"""

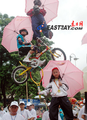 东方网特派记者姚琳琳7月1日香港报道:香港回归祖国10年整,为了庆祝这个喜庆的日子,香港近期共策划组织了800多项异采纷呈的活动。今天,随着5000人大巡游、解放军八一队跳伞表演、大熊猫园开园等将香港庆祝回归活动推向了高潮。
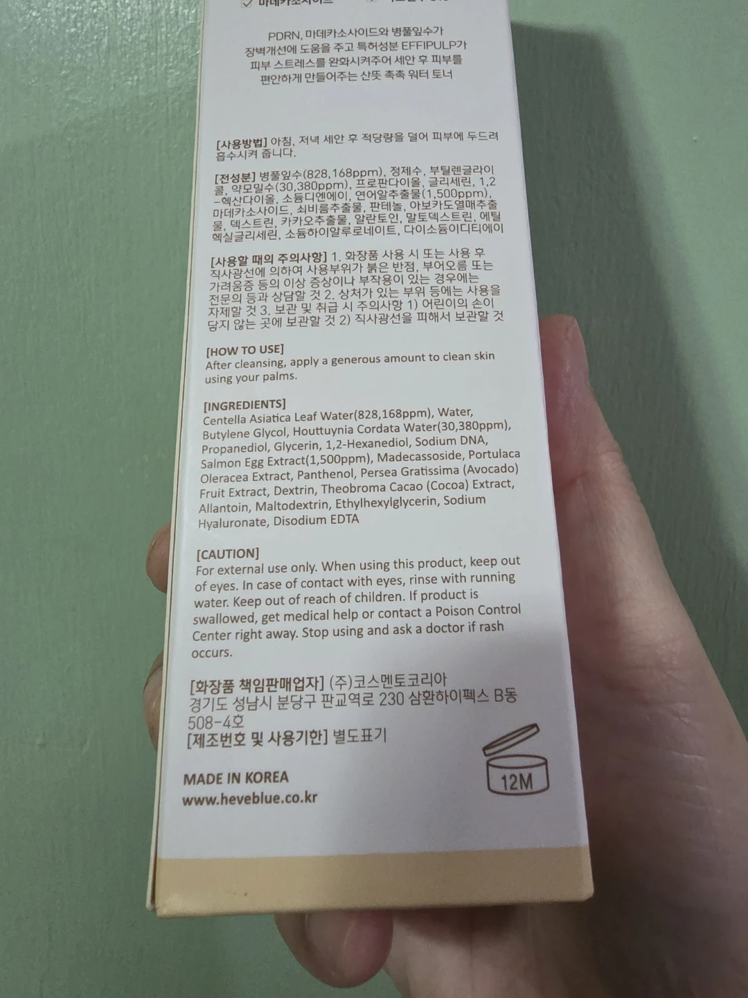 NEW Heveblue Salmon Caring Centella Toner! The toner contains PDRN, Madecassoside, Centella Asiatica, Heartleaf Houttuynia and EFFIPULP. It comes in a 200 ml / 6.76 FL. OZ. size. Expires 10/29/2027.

"""
"""

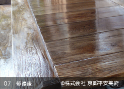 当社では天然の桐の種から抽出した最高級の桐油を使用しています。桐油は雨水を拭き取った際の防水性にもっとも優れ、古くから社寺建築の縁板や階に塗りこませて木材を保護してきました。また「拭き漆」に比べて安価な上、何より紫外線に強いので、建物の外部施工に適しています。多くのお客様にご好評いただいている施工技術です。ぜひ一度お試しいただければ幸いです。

"""

# PROBLEM DETAILS
Repeat exactly the stretch of the listing above that starts with the line holding "东方网特派记者姚琳琳7月1日" and finishes with the line holding "NEW Heveblue Salmon", both included. Skip every picture.

# ANSWER TO THE PROBLEM
 东方网特派记者姚琳琳7月1日香港报道:香港回归祖国10年整,为了庆祝这个喜庆的日子,香港近期共策划组织了800多项异采纷呈的活动。今天,随着5000人大巡游、解放军八一队跳伞表演、大熊猫园开园等将香港庆祝回归活动推向了高潮。
 NEW Heveblue Salmon Caring Centella Toner! The toner contains PDRN, Madecassoside, Centella Asiatica, Heartleaf Houttuynia and EFFIPULP. It comes in a 200 ml / 6.76 FL. OZ. size. Expires 10/29/2027.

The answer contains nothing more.